On the other hand, if you want to get a bird’s-eye view of the glitzy Las Vegas Strip and across the desert to the mountains on the far horizon, the High Roller is the way to go. The towering device, commonly known as a Ferris wheel, is the centrepiece of The Linq, Caesars Entertainment Corporation’s shopping, dining and entertainment district, developed at a cost of 550 million US dollars. The wheel stands just across the street from the Caesars Palace hotel-casino.

In casino parlance, a high roller is someone who wagers large amounts of money, so the name is doubly fitting for a Las Vegas attraction. The Las Vegas High Roller, looking like a gigantic bicycle wheel, has transformed the city’s skyline since it opened in March 2014. Its 28 spherical cabins are each able to accommodate 40 visitors, so fully loaded it can carry 1,120 people around.

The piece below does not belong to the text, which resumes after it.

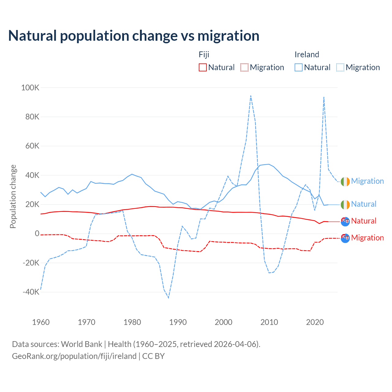 Over the last 10 years, 52.6% of the population change in Fiji is from natural causes (a gain of 94,971 people) and 47.4% is from migration (a loss of 85,415 people). In Ireland 48.2% is from natural causes (a gain of 284,644 people) and 51.8% is from migration (a gain of 305,297 people).

The wheel rotates on two custom-designed SKF spherical roller bearings, each weighing about 8.8 tonnes, the biggest ever manufactured by SKF at its factory in Gothenburg, Sweden. (For a technical article on the wheel’s bearing assembly, see Evolution #1-2015.)

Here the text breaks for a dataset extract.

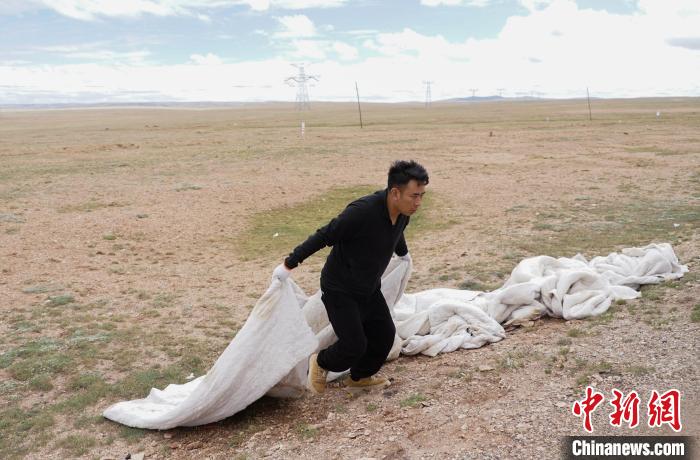 圖為可可西里管理處五道梁保護站生態(tài)管護員德尕在青藏公路沿線收集垃圾。馬銘言 攝
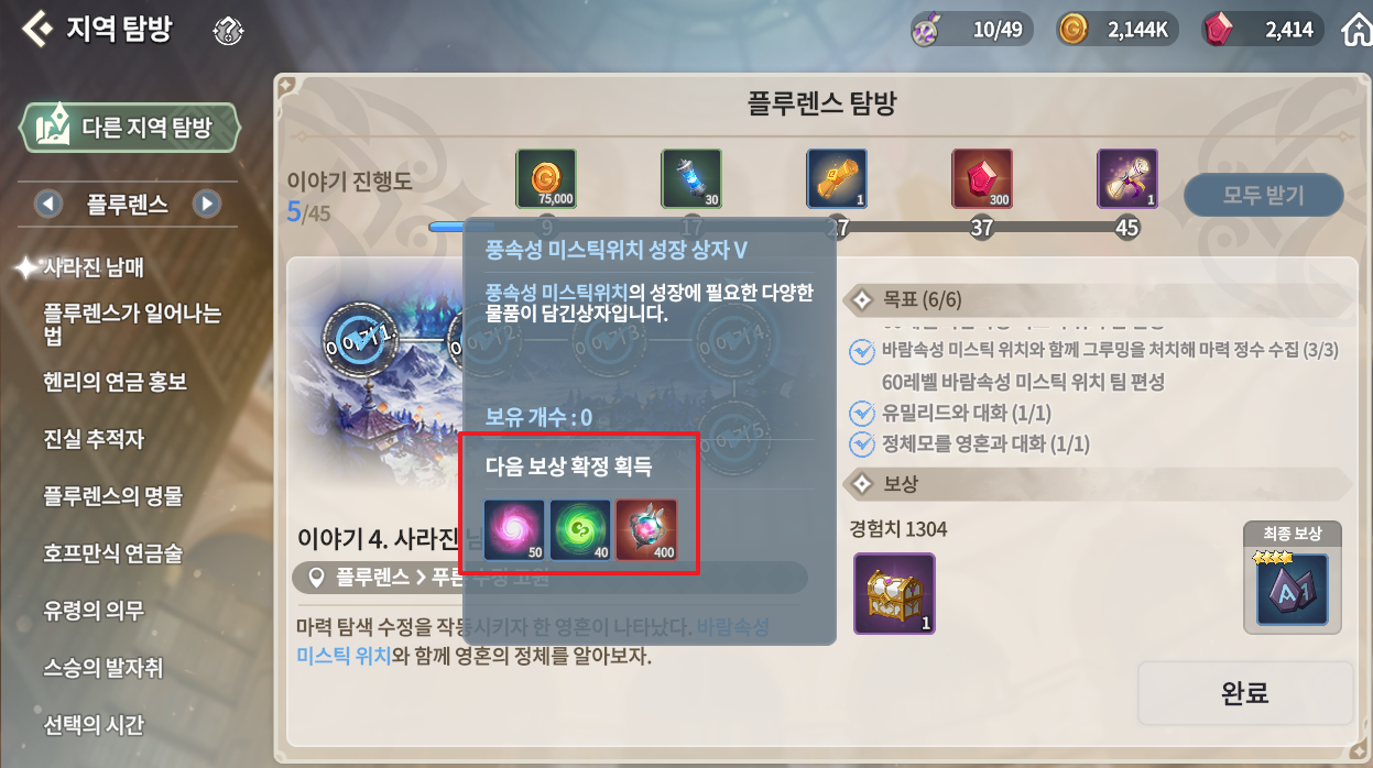 만약 메인 퀘스트를 밀 때 각성할 재화가 부족하다면 플루렌스 지역 탐방 첫 이야기를 깨면 조금 편하게 할 수 있다. 풍속성 미스틱위치 성장상자를 주는데 5각성 하기에는 부족하지 않을 정도이니 충분히 가능할 것이다. 4성이기 때문에 스킬 업그레이드까지는 필수는 아닌 듯 하다.

Jason Krolicki of Arup Engineering was the project manager for the design and engineering of the High Roller. “We specified SKF as one of the preferred suppliers from the beginning,” he says. “We had performance specification requirements that included a 50-year design life.”

During that half-century, the wheel will rotate an estimated 650,000 times, so the bearings have to be dependable and designed to resist fatigue. The engineering studies took into account such factors as wind loads, moisture levels and seismic events. The result is a wheel that should be turning not only until 2064, but continuously  for some years to come.

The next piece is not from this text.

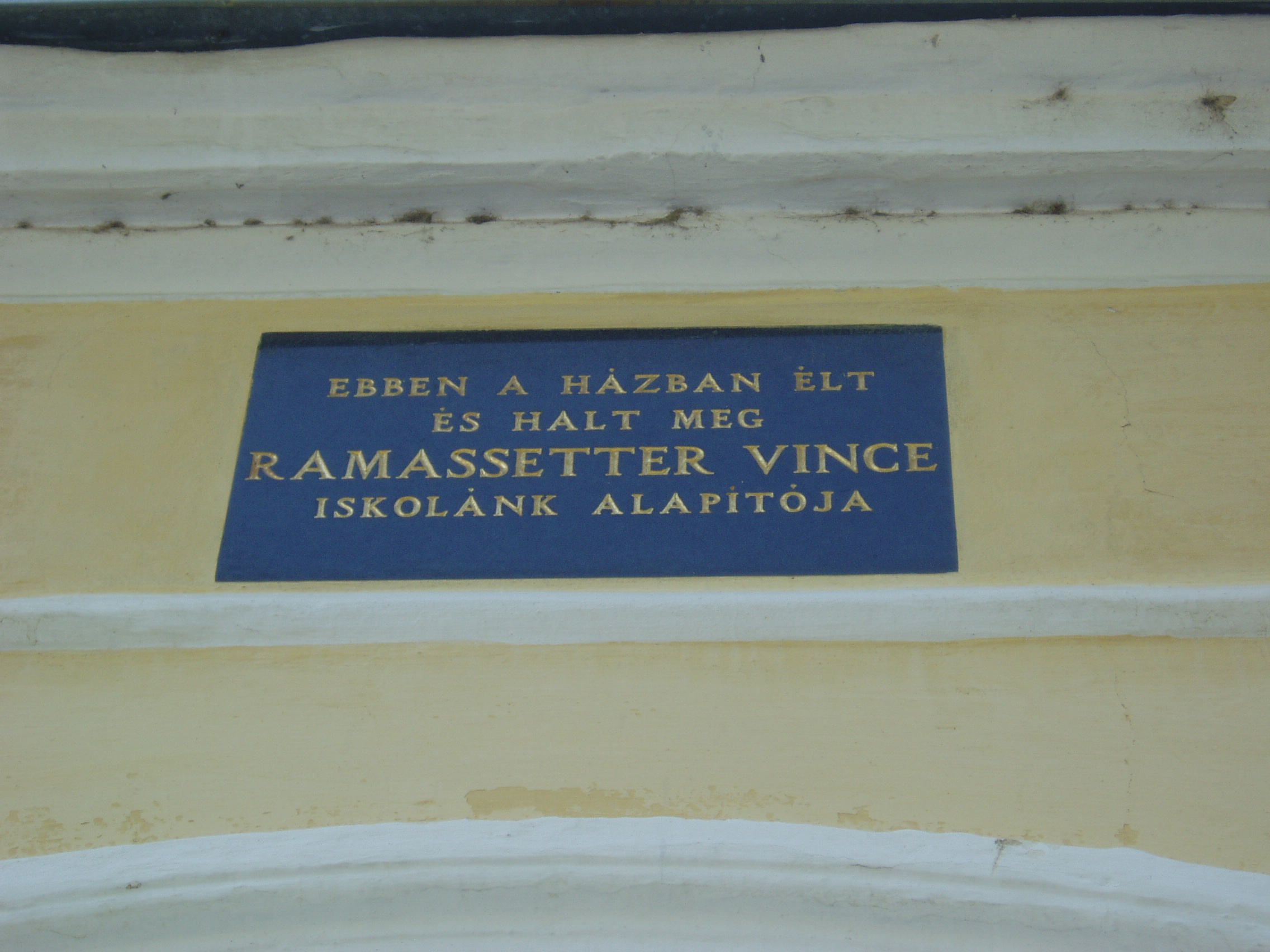 Nyilvános 1111 | 1611 | Sümeg, Ramassetter utca 10. | A Ramasetter utca házai jórészt a XVII. század második felében épültek, bár a legtöbbet később átalakították. A 10. számú épület is barokk stílusú, földszintes ház volt eredetileg, amelyre később emeletet építettek, s homlokzatát eklektikus stílusban átalakították. Az épület homlokzatán olvasható emléktábla szerint ebben a házban élt és halt meg Ramassetter Vince, "Sümeg atyja". Ramassetter Vincének a városban egészalakos szobra (lásd: Sümeg, Kossuth u. 13.) és több emléktáblája is látható, köztük a közelben álló szülőházán is (lásd: Sümeg, Deák F. u. 6.). A város jótevője a helyi köztemetőben nyugszik (lásd: Sümeg, Temető: Ramassetter Vince sírja). A fénykép 2007 júniusában készült. Felh. irod.: Koppány Tibor - Kozák Károly: Sümeg útikalauz. Veszprém, Idegenforgalmi Hivatal, 1965 Veszprém megyei életrajzi lexikon. Veszprém, Veszprém Megyei Önkormányzat Közgyűlése, 1998 www.ekmk.hu/emlekhely/Emlekhelyek.html |

The general contractor for the construction of the High Roller was the civil engineering firm American Bridge. Dan Schwarz, the project manager for the High Roller at American Bridge, says SKF faced some unusual challenges involved with installing an intricate mechanism in the Nevada desert.

“Concerns about lubrication and dust infiltration required a special sealing system that SKF was able to provide,” Schwarz says. “You can’t have contaminants such as sand getting inside the bearings, or they won’t last for the 50 years they want them to.”

The automatic lubrication system injects a total of  about one kilogram of grease into each bearing every day, says Randy Greaser, the SKF account manager for the project. The grease lubricates the sealing system, which was also designed and supplied by SKF.

“What was challenging about this project is that you’re doing something one time,” Greaser says. It’s not like designing, say, a hub system for a car, when you have multiple opportunities to test the system and revise it. Numerous questions have to be answered in advance: How are you going to ship the bearings? How to lift them into place? How to install them on the spindle? How to mount them in the housing?

“You’ve got one shot to do it, and you’ve got to get it right,” he says. “It’s something that’s never been done before; we’re only going to do it once, so we have to do everything right the first time. It was the most interesting project I’ve ever worked on at SKF.”

Jason Krolicki of Arup Engineering says SKF was an important partner in the High Roller project. “The people at SKF were professionals through and through,” he says. “It was critically fundamental to have a design partner like SKF engaged in the project because we knew the bearing issue was so important to its success. Their professionalism came through from the beginning.”


Facts

The Las Vegas High Roller

  • Height: 168 metres
  • Amount of steel used in the wheel structure: 3,300 tonnes
  • Number of spherical cabins for riders: 28, each able to hold 40 visitors
  • Number of cables from the centre to the outer ring: 112
  • Speed of travel: 0.3 metres per second
  • Time to make one complete revolution: 30 minutes
  • Number of coloured LED lights on the wheel: More than 2,000.

Caesars Entertainment

  • Founded 1937 in Reno, Nevada, US, as Harrah’s.
  • The world’s most geographically diverse casino-entertainment company, operating casinos on three continents.
  • Revenue: 8.56 billion US dollars (2013).
  • Approximately 68,000 employees worldwide.
  • More than 100 million visits per year.